🤖 AI Summary
This work addresses the limited robustness of reinforcement learning (RL) policies in directional controller synthesis, which often stems from anisotropic generalization—where policies are effective only in localized regions of the parameter space. To overcome this, the authors propose a Soft Mixture-of-Experts (Soft MoE) framework that treats anisotropy as complementary expertise among multiple RL agents. A prior-confidence gating mechanism dynamically blends these expert policies, enabling collaborative exploration and enhanced coverage of the parameter space.
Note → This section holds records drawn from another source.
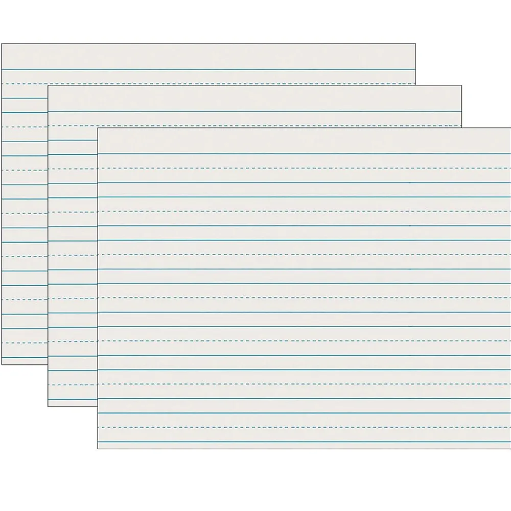 Clean White newsprint has a light blue ruling on both sides. Sheets are ruled 3/4″ the long way, and a 3/8″ dotted midline serves as a guide for controlled writing. Also includes a 3/8″ skip space, which allows room for letter descenders, making it great for handwriting practice and tracking students’ handwriting progress over time. Helps to build a solid foundation for students to write legibly and communicate effectively through writing. Each package contains 500 sheets. Measures 11″ x 8.5″. Recyclable. Sold as 3 packs for a total of 1500 sheets.
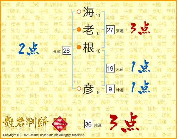 あなたの人生を表す1番重要な運勢です。生涯を通じて影響する総合運となり、主に50歳以降の晩年期に影響を及ぼします。苗字と名前の合計画数。
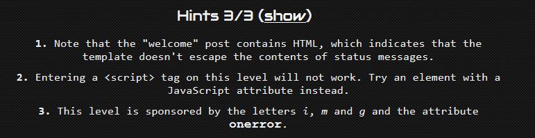 힌트를 보니 onerror 이벤트를 이용하라고 하였습니다.
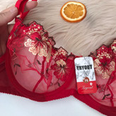 ست تور شیشه ای گلدوزی شده رنگ قرمز
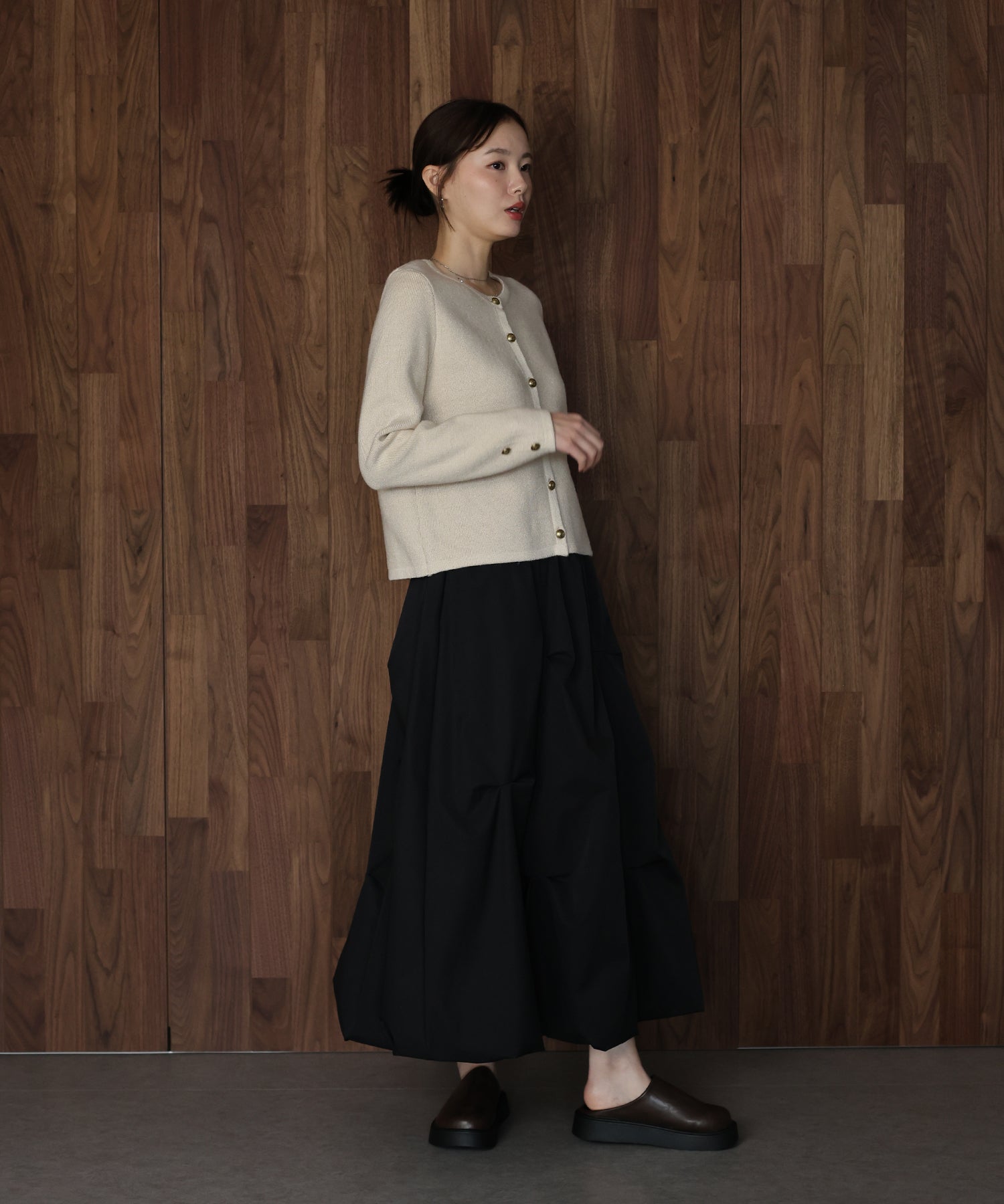 スカートと合わせてフェミニンな雰囲気にも着回しがきくデザイン。

This study presents the first application of Soft MoE to directional controller synthesis, significantly improving generalization and success rates on large-scale, previously unseen instances. Evaluated on an air traffic control benchmark, the approach substantially expands the solvable region of the parameter space and demonstrates markedly superior robustness compared to single-expert strategies.
📝 Abstract
On-the-fly Directed Controller Synthesis (OTF-DCS) mitigates state-space explosion by incrementally exploring the system and relies critically on an exploration policy to guide search efficiently. Recent reinforcement learning (RL) approaches learn such policies and achieve promising zero-shot generalization from small training instances to larger unseen ones. However, a fundamental limitation is anisotropic generalization, where an RL policy exhibits strong performance only in a specific region of the domain-parameter space while remaining fragile elsewhere due to training stochasticity and trajectory-dependent bias. To address this, we propose a Soft Mixture-of-Experts framework that combines multiple RL experts via a prior-confidence gating mechanism and treats these anisotropic behaviors as complementary specializations. The evaluation on the Air Traffic benchmark shows that Soft-MoE substantially expands the solvable parameter space and improves robustness compared to any single expert.